The importance of preserving these documents and other items lies in the sanctions that could result by failing to preserve them. After suit is filed, if the party bringing the lawsuit discovers that relevant documents (or even potentially relevant documents) have been lost or destroyed, the party can seek sanctions from the company related to the loss or destruction. Such sanctions can be monetary, or can take other forms. For instance, if the driver’s log for the date of the accident is no longer available, the judge may instruct the jury to presume that the log would have reflected negatively on the carrier (e.g., the driver was over his hours). The jury could then infer that the driver was fatigued and that is what caused the accident. If, in fact, the log was compliant with the hours-of-service regulations, and the driver had just started his run, this type of jury instruction is certainly one the carrier should avoid. Preservation of key documents during the first moments after an accident is the best solution.  

One practical way for a carrier to ensure that relevant documents are being preserved in the moments after an accident is to create a preservation letter.
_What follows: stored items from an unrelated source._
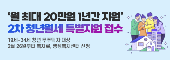 - 지원대상: 만19 ~ 34세 이하 부모님과 별도 거주 무주택 청년(*청약통장 가입 필수)
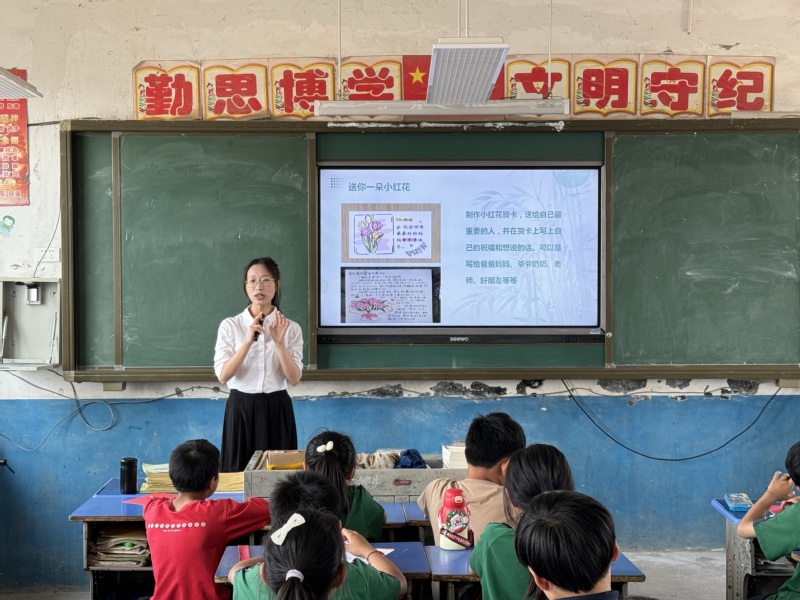 生动课堂,情暖心间。上午9时,学生党员尹雪倩同志围绕日常安全问题,心理健康状态等方面对同学们进行了生动精彩的讲授。随着小课堂PPT逐步深入的引导,同学们听讲和举手答问的积极性显著提高。游戏互动环节,学生党员覃如苗同志带领学生们进入“巧手小课堂”——送你一朵小“红”花。学生亲手参与制作花朵和贺卡,送给自己最重要的人,记录下送花时的感受和祝福。为间接了解近期学生的心理状况,尹雪倩同志让小朋友们把自己的烦恼写在小纸条上并投入纸盒子里,带领学生分享感受,并鼓励他们珍惜时光、发奋学习,同学们接过满载爱心的礼物,脸上洋溢着幸福的笑容。
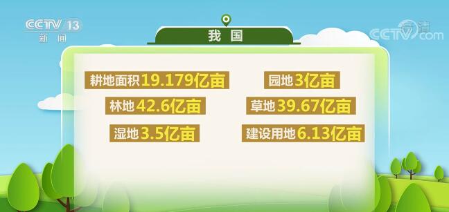 数据显示,我国耕地面积19.179亿亩,园地3亿亩,林地42.6亿亩,草地39.67亿亩,湿地3.5亿亩,建设用地6.13亿亩。数据还显示,10年间,生态功能较强的林地、草地、湿地河流水面、湖泊水面等地类合计增加了2.6亿亩,可以看出我国生态建设取得积极成效。
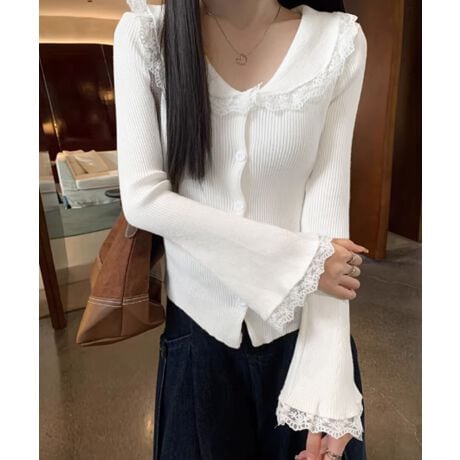 繊細なレース使いが目を惹く、フェミニンムードたっぷりのリブニットトップス。

After an accident occurs where litigation is anticipated, the preservation letter should be sent to key personnel who have access to the relevant documents, such as the safety manager, the driver’s terminal manager or dispatcher. The letter should provide information regarding the accident, such as when and where it occurred and who was involved. It should also instruct the recipient to preserve documents and items related to the accident and provide a concrete list of items. The list does not need to be a complete list. In fact, the letter should encourage preservation and thinking outside the box relating to what needs to be preserved. Preservation letters that Roetzel attorneys have drafted on behalf of their clients include the phrase When In Doubt, Don’t Throw It Out! Finally, the preservation letter should instruct the recipient to send the letter to all other persons who may have access to documents and items so that they can preserve documents as well.  
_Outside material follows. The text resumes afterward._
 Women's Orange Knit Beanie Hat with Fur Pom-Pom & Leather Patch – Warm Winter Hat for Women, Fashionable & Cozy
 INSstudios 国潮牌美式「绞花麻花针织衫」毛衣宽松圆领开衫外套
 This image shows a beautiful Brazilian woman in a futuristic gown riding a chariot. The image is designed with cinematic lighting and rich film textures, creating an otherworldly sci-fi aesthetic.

Once the documents are gathered as a result of the preservation process, they should be copied and kept separately from all other files. A good name for this new file is “Anticipation Of Litigation File” because it shows the company is anticipating a lawsuit and has made efforts to preserve documents related to the accident. If and when a lawsuit is later filed, the carrier will then be in a position to provide relevant documents to the other party through the discovery process. Of course, this does not mean all preserved documents will be turned over. The company can still withhold documents based on privileges and other good cause reasons. However, should a dispute arise over whether a document must be produced, and if the judge orders it to be produced, sanctions surely await if the document has been lost or destroyed. Once again, preservation is always the better scenario.  

Having a procedure in place to preserve documents also has an added benefit. Despite a company’s best efforts to preserve documents and items, there are occasions when a document or item simply cannot be found once the matter is in suit. If the company had sent a preservation letter to key personnel and had initiated the preservation process, it is much more likely to avoid sanctions. This is because the preservation letter provides evidence to the court that the company did not intentionally destroy the items that are now missing. Without a finding of intentional conduct, the court is less likely to impose sanctions.  

The importance of document preservation in the hours and days after a serious accident occurs cannot be understated. Not only does the preservation of documents and items help the company avoid sanctions if and when a lawsuit is later filed, but it can also help the company defend the case by preserving evidence that supports the company’s position. While creating a preservation system may require some “up front” time and effort when it is unclear whether a lawsuit will even commence, there are only benefits to the company by preserving documents and items. And, when efforts are made to determine what should and should not be preserved, when in doubt . . . don’t throw it out!